Ей хочется ответить отрицательно, но она не может. Линда быстро всхлипывает один раз, как ребенок. Было бы здорово не сдерживаться, но это слишком опасно: если она начнет, то может уже не остановиться.
— В чем дело?
Она не знает, что ответить. Как это объяснить? Никто не плачет из-за света. Это нелепо.
Линда шмыгает носом, стараясь удержаться, чтобы не текло из носа. У нее нет ни носового платка, ни салфетки. Томас ищет у себя в карманах, вытаскивает жевательную резинку, пачку сигарет, какую-то ксерокопию. Это все не то.
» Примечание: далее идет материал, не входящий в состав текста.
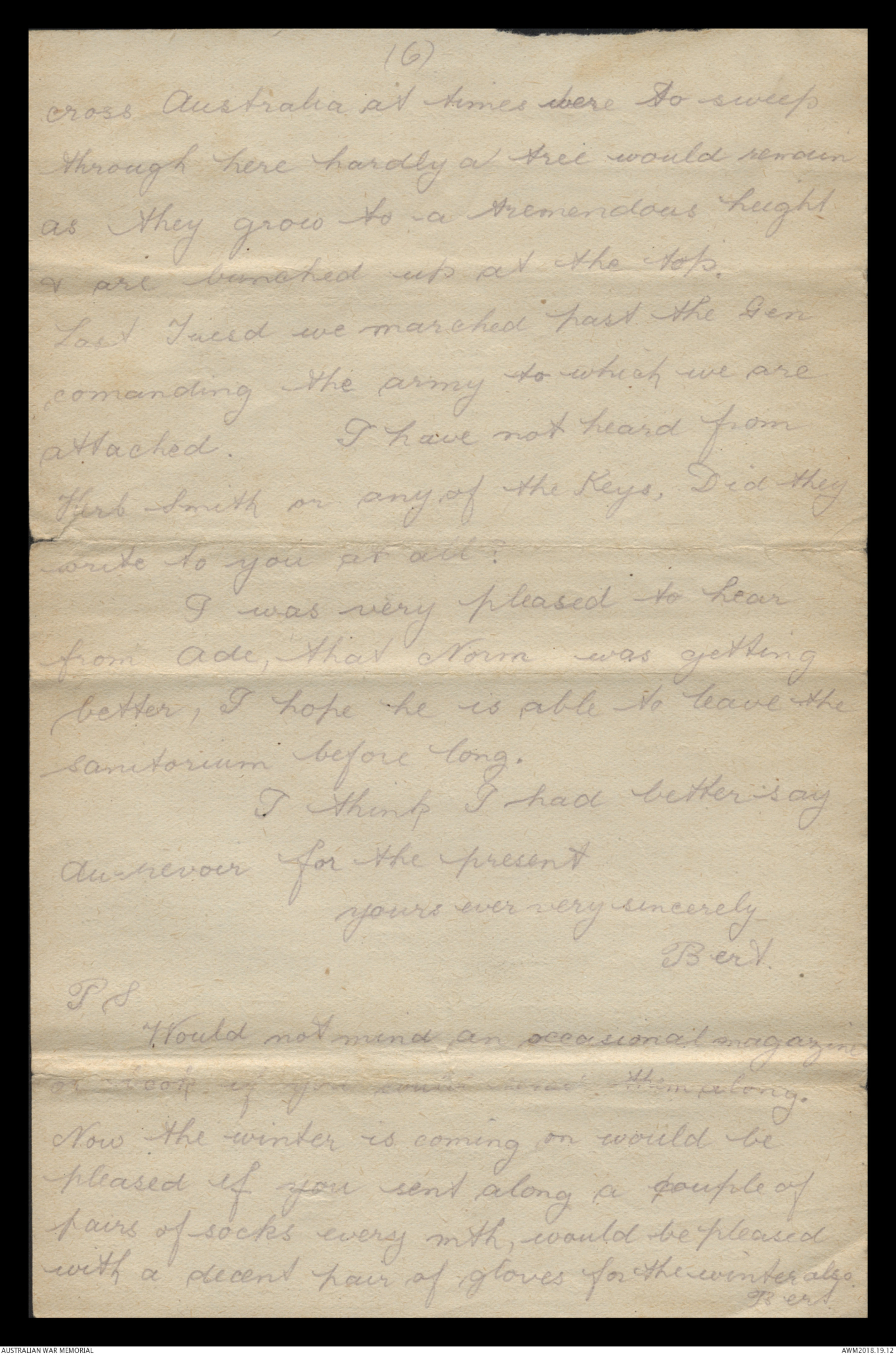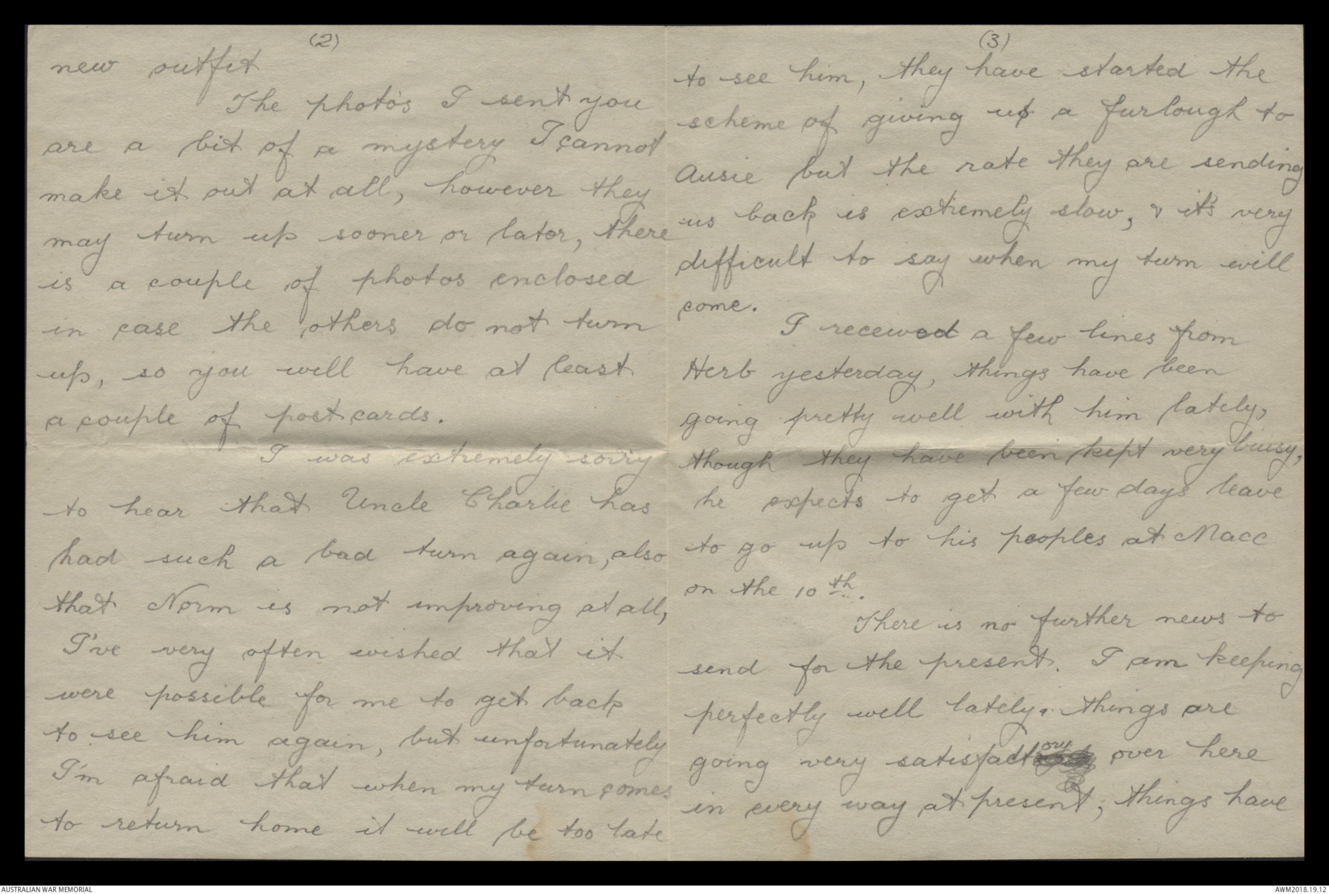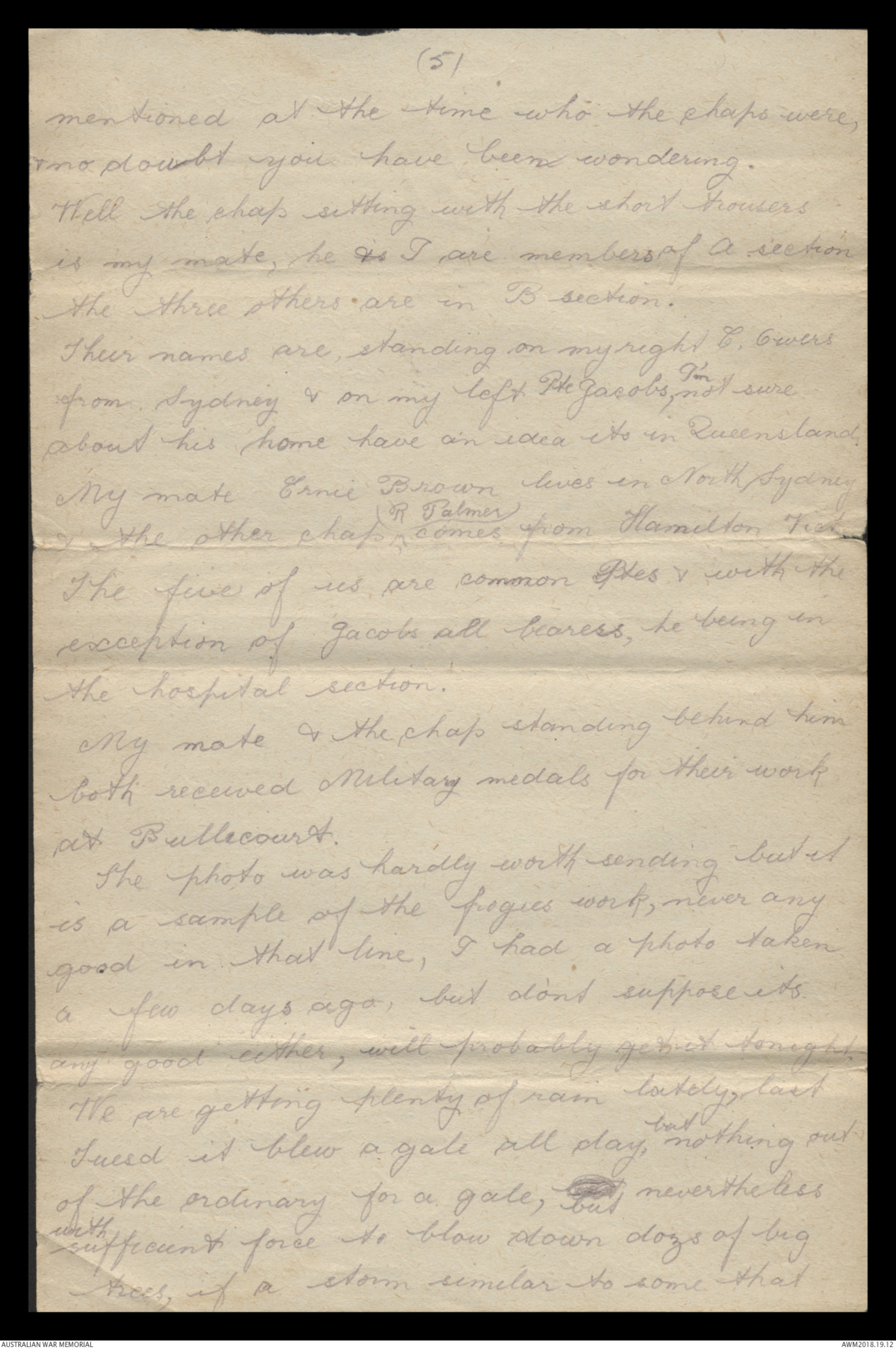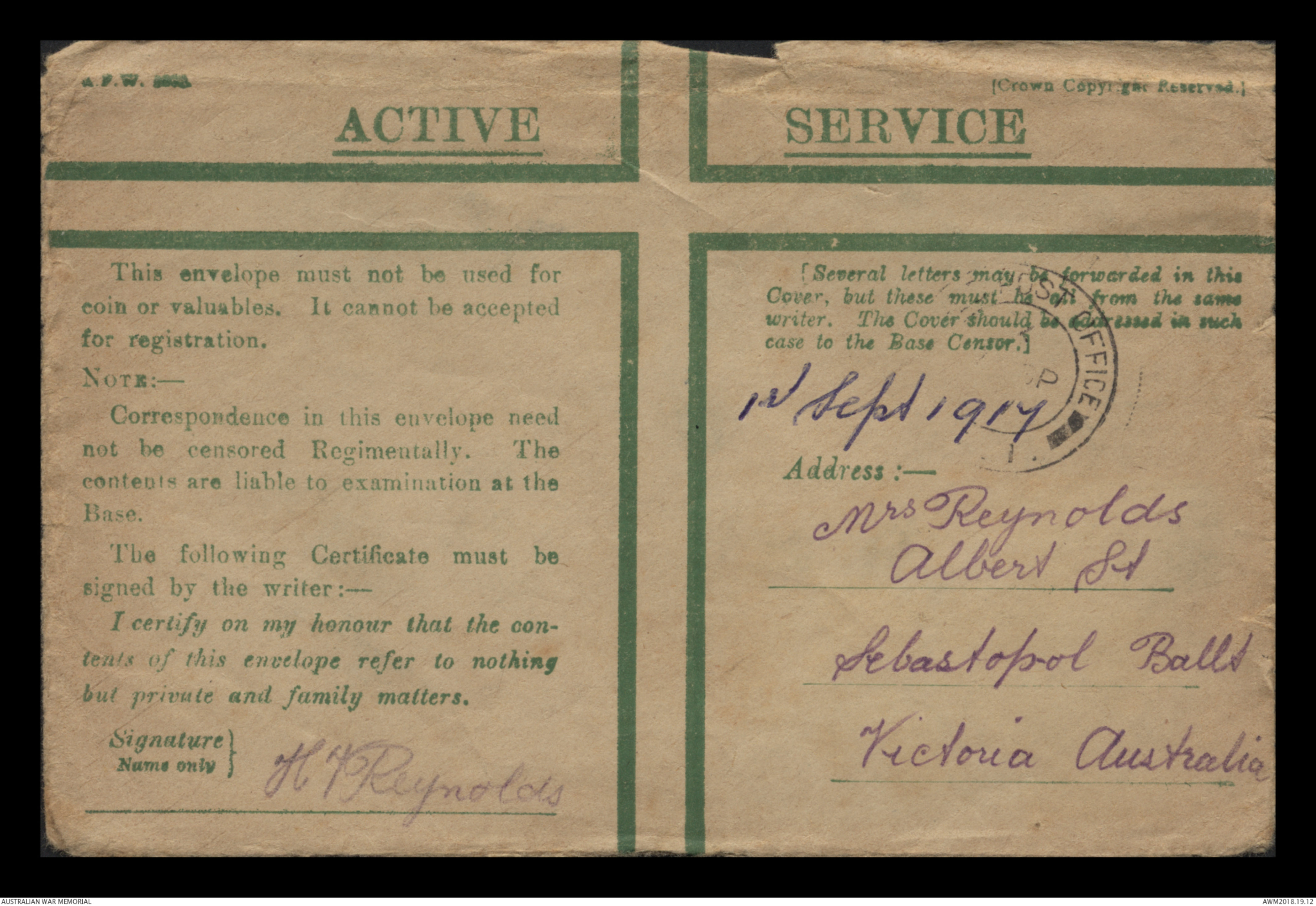 Correspondence between Herbert Vincent Reynolds and his family, 1917 - Part 5

— Утрись рукавом, — советует он.
Она послушно утирается рукавом. Делает долгий вдох через нос.
— Ты… — начинает он.
Но она качает головой, словно прося ничего больше не говорить. Нужно выбросить из головы этот свет. Ей надо думать о том, что может быть на той ксерокопии, о том, как ей придется сидеть на матраце, чтобы делать домашнюю работу, о тете — от этих мыслей слезы наверняка остановятся.
— Линда, — произносит Томас, беря ее за руку.
Она сжимает его руку, вонзая в нее ногти, будто вот-вот упадет. Он делает движение, чтобы поцеловать ее, но она отворачивает голову. Его губы лишь задевают край ее рта.
— Я не могу, — говорит она.
Он отпускает ее руку. Отодвигается от нее на дюйм или два. Вытряхивает из пачки сигарету и закуривает.
— Ты мне нравишься, Томас. — Линда, уже сожалеет о том, что обидела его.
Он кривит рот и кивает, будто говоря, что не верит ни слову:
— Кажется, тебе во мне ничего не нравится.
— Просто… — начинает она.
— Просто что? — невыразительно спрашивает он.
— Есть вещи, которых ты обо мне не знаешь.
— Так расскажи.
— Не могу.
— Почему?
— Не могу.
— Нет такого, чего бы я тебе не рассказал. — В голосе Томаса слышится обида.